Organizations that treat forensic readiness as a compliance overhead to be minimized will find themselves unable to investigate their own incidents, unable to demonstrate compliance to regulators, and unable to attribute liability in legal proceedings. The cost of forensic-quality logging is modest relative to the total cost of deploying AI agents; the cost of inadequate forensic infrastructure is measured in regulatory penalties, legal fees, and unresolved customer harm.

Invest in the infrastructure before you need it. Configure tamper-evident, complete inference records. Version-control all configuration. Maintain behavioral baselines. Define legal hold procedures before they are triggered. Document the chain of custody for evidence collected in routine operations.

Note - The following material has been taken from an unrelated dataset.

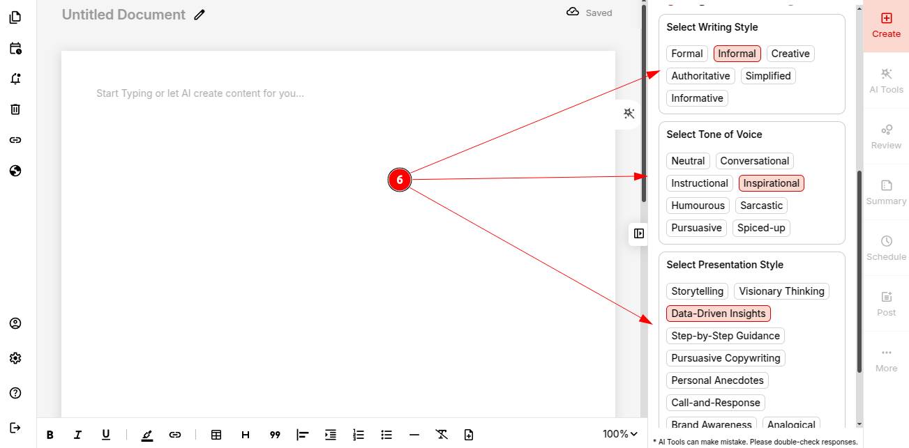 Step 6: Pick your writing style, tone of voice and presentation style to shape the final output.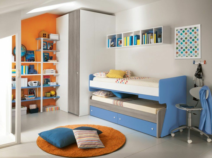 Kinderzimmer ideen kleines zimmer einrichten ideen für kinder blaue farbe mit orange kombinieren

When an incident occurs — and at scale, they will — you will have the records needed to understand what happened, why it happened, and what must change to prevent it from happening again.

Key Takeaways:

• AI agent forensics requires: LLM inference records (full context window), tool call attribution, memory access records, and configuration version history.
• Evidence preservation must begin before incidents — post-incident collection is usually too late for critical evidence.
• LLM session reconstruction: verify record integrity, reconstruct full context window, characterize output against baseline, attribute root cause.
• Multi-agent investigation requires building a responsibility graph and using counterfactual analysis to establish causal contribution.
• Prompt injection forensics: look for instructions in data fields, behavior unexplained by data, and content inconsistency in inter-agent communications.
• Armalo's forensic evidence packages provide the organized, hash-verified evidence records needed for regulatory and legal proceedings.